# Wyndham Asset Affiliation Model - WAAM



## Goofyhobbie (Aug 11, 2010)

In late 2009 Wyndham came up with a "fee-for-service" program dubbed the Wyndham Asset Affiliation Model (WAAM).

Rather than purchase the unsold condo inventories of other developers who found themselves in financial difficulty, Wyndham is contracting to convert the projects to timeshare units and sell them.

Because Wyndham will convert condos to timeshares while leaving their ownership in the hands of real estate developers and possibly real estate lenders who are now in control of slow-to-sell projects, Wyndham stands to increase its sales inventory and its profit without putting out an enormous amount of its own capital.

So far the projects so converted are in North Myrtle Beach, SC and Orlando, FL; but rumor has it that their are at least ten similar projects already in the pipeline.

What this means to current Wyndham owners is new inventory in places where many TUGGERS enjoy vacationing. Most of the inventory is probably going to show-up in quanity in RCI Extra Vacations or the Wyndham Endless Vacations at first with more inventory available in future years as units are sold through the retail market.  
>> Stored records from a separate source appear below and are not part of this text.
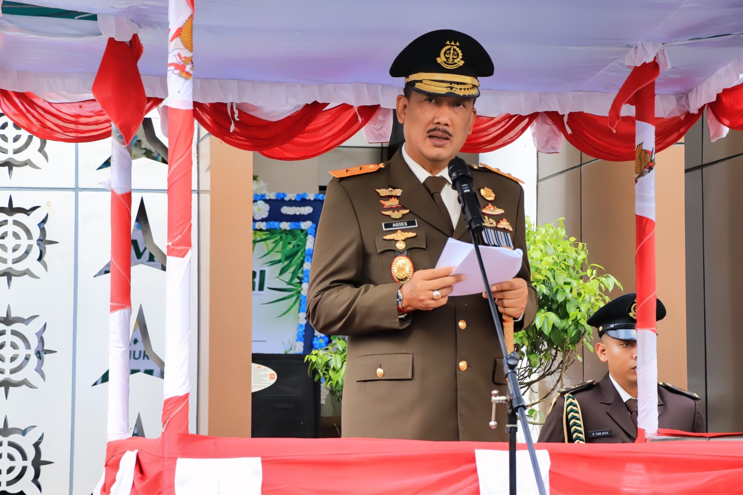 Dalam upacara yang baru pertama kali dilaksanakan tersebut, Kepala Kejaksaan Tinggi Maluku yang membacakan Amanat Jaksa Agung Republik Indonesia, menyampaikan tepat pada hari ini Kejaksaan Republik Indonesia berusia 79 tahun, dimana pada 79 tahun yang lalu Negara Republik Indonesia yang baru berusia 15 (lima belas) hari sejak memproklamirkan Kemerdekaannya, melahirkan Kejaksaan Republik Indonesia dan melantik Meester de Rechten Gatot Taroenamihardja sebagai Jaksa Agung Republik Indonesia pertama yang ditandai dengan dimulainya peran Jaksa Agung dan Kejaksaan dalam mempertahankan Kedaulatan Hukum Indonesia dan juga pembentukan Kabinet Presidensial Pertama lainnya di Indonesia.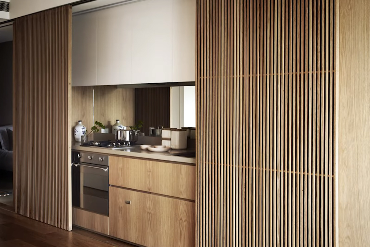 — Те, которые целиком закрываются фасадами. И они выглядят как монолитная стена, — отметила дизайнер. — Двери в такой конструкции могут выезжать сбоку и задвигаться, сверху полностью закрываться фасадами. Однако всё, что объединяет эти решения, это возможность целиком закрыть кухню. Такая конструкция великолепно подходит для студий, для кухонь-гостиных, особенно для премиум-интерьеров. Потому что такие механизмы по-прежнему стоят дорого. И это решение скорее для холостяков или тех, кто немного готовит. А если у вас семья и вы много времени проводите на кухне, то постоянно открывать и закрывать эти двери — не самое удобное решение.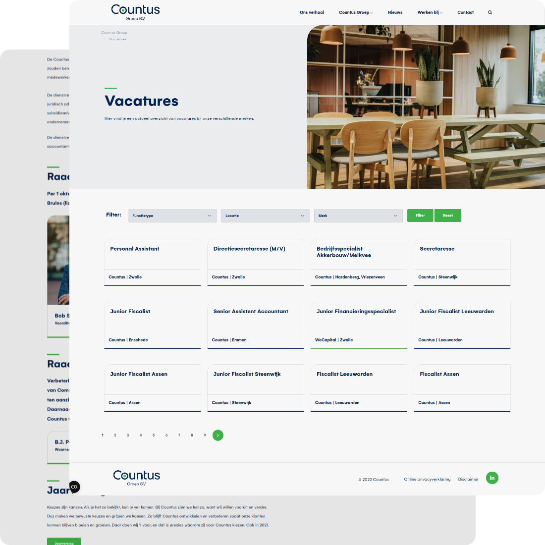 Extra aandacht is dan ook uitgegaan naar de Werken bij pagina en de vacaturebank. Laatstgenoemde is een dynamische plek geworden waar, middels een API koppeling, automatisch vacatures van Countus A+A ingeladen worden. Ook de vacatures van Subvention, Zienergie, WeCapital, WeRecover, De Omgevingadviseurs en Spoar worden hier centraal verzameld en doorgelinkt naar de desbetreffende websites. Filtering gebeurt op functietype, locatie en merk – een verzameling aan data die bekend is bij en gekoppeld is aan de verschillende dochterbedrijven.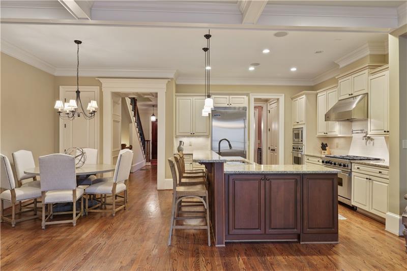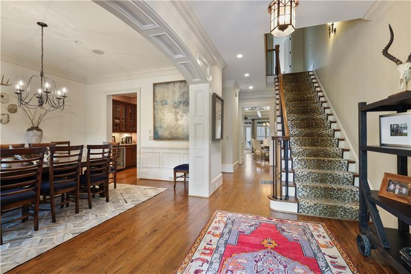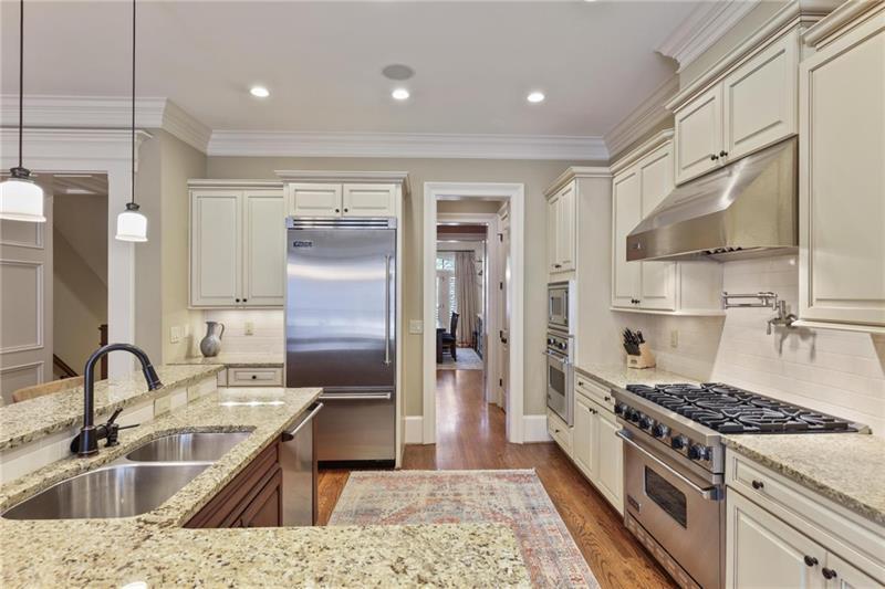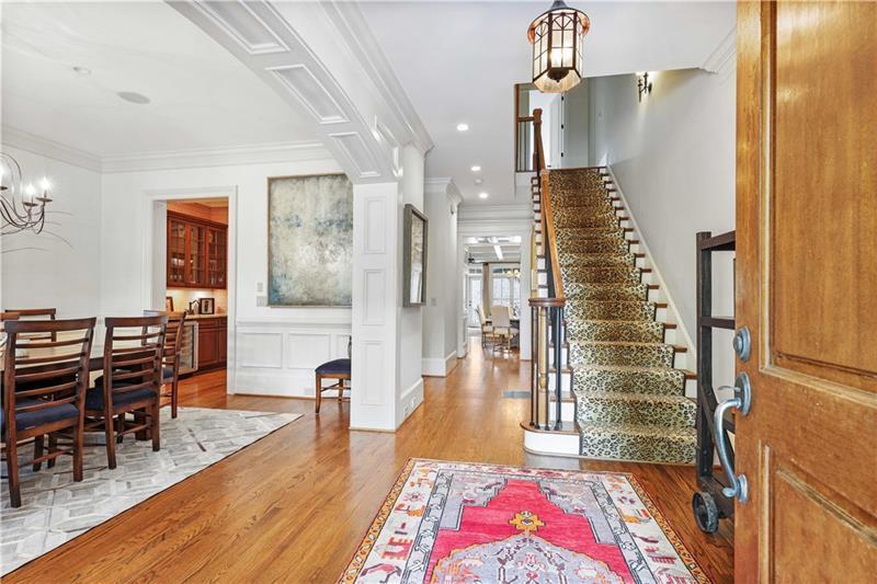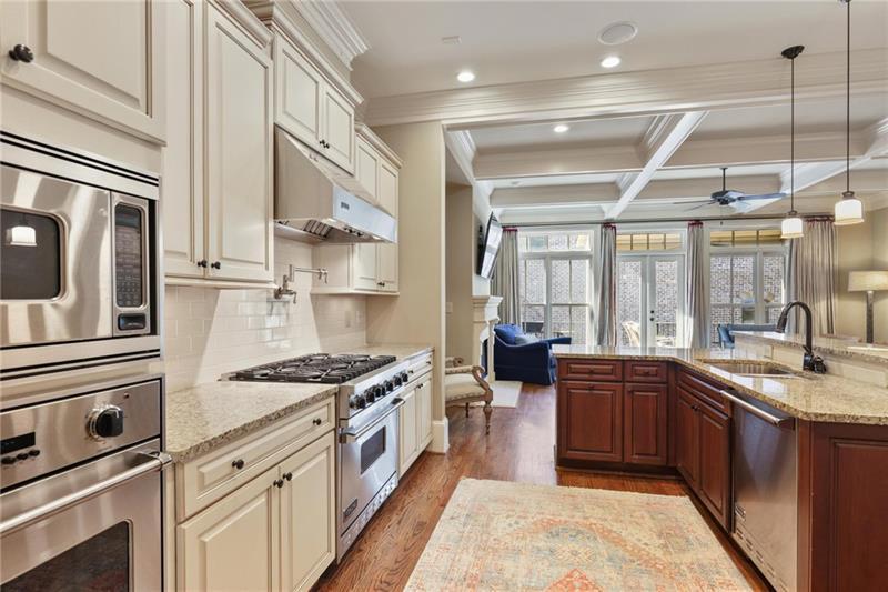 Welcome to the exquisite Brownstones at Honour, a PRIVATE and GATED enclave of just 14 LUXURY TOWNHOMES with ELEVATORS! Nestled on a charming, tree-lined street, this stunning brick and limestone residence offers an elegant blend of classic design and modern living. A beautifully landscaped and gated front courtyard leads you into this sophisticated 3-story home. Upon entry, a grand foyer welcomes you, opening into a formal dining room with French doors leading to a balcony that overlooks the serene courtyard. The dining room flows seamlessly into a gourmet kitchen, equipped with stainless steel Viking appliances and a butler's pantry/wet bar-perfect for entertaining. The kitchen is open to a large family room, featuring coffered ceilings, floor to ceiling windows and a stone fireplace. French doors lead to a private, covered porch complete with a grill, seating area, and TV, ideal for outdoor relaxation. With an elevator servicing all three levels, this home offers convenience and luxury. The upper floor includes the primary suite, boasting a spacious bedroom, elegant bath, and generous walk-in closet, along with a second ensuite bedroom and a laundry room. The daylight terrace level offers a third bedroom with full bath that can also be used as additional living space along with ample storage. Parking is a breeze with a two-car garage and additional covered parking for two more vehicles. Ideally located near Chastain Park, top-tier shopping, dining, and quick access to GA 400, this home provides an easy lifestyle of luxury and convenience that's hard to match.

Go to the Link to the On-line Club Wyndham Plus Member's Directory to get point charts and other information about these new opportunities as they are posted by Wyndham. [Tower On The Grove Point Charts are already available.]

See the threads below for more information on * Wyndham Towers On The Grove* which went into timeshare sales this past Spring:

Wyndham Vacation Resort's Towers on the Grove, N. Myrtle Beach, SC

 * Interesting, Wyndham taking over Towers On The Grove Condo In North Myrtle Beach *

The most recent WAAM project was announed at the Timeshare & Fractional Ownership Site for the Magazine:  Perspective on August 6, 2010 as Reunion Resort in Orlando, FL.

The current word is that the Reunion Resort will be available for Wyndham Owners for internal booking in 2011.  To get an idea of how nice the Reunion Resort will be go to this Wyndham link: Reunion Resort & Club Wyndham Grand Resort

Tug Thread about  * Reunion Resort & Club Wyndham Grand Resort, Orlando, FL *


----------



## deedman (Aug 11, 2010)

looks beautiful, I read somewhere that reunion will only have 3 br units.


----------



## jjmanthei05 (Aug 11, 2010)

On RCI extra vacations you can rent between a 1 and 5 bedroom unit but I don't know if all of those will be converted over to Wyndham.

Jason


----------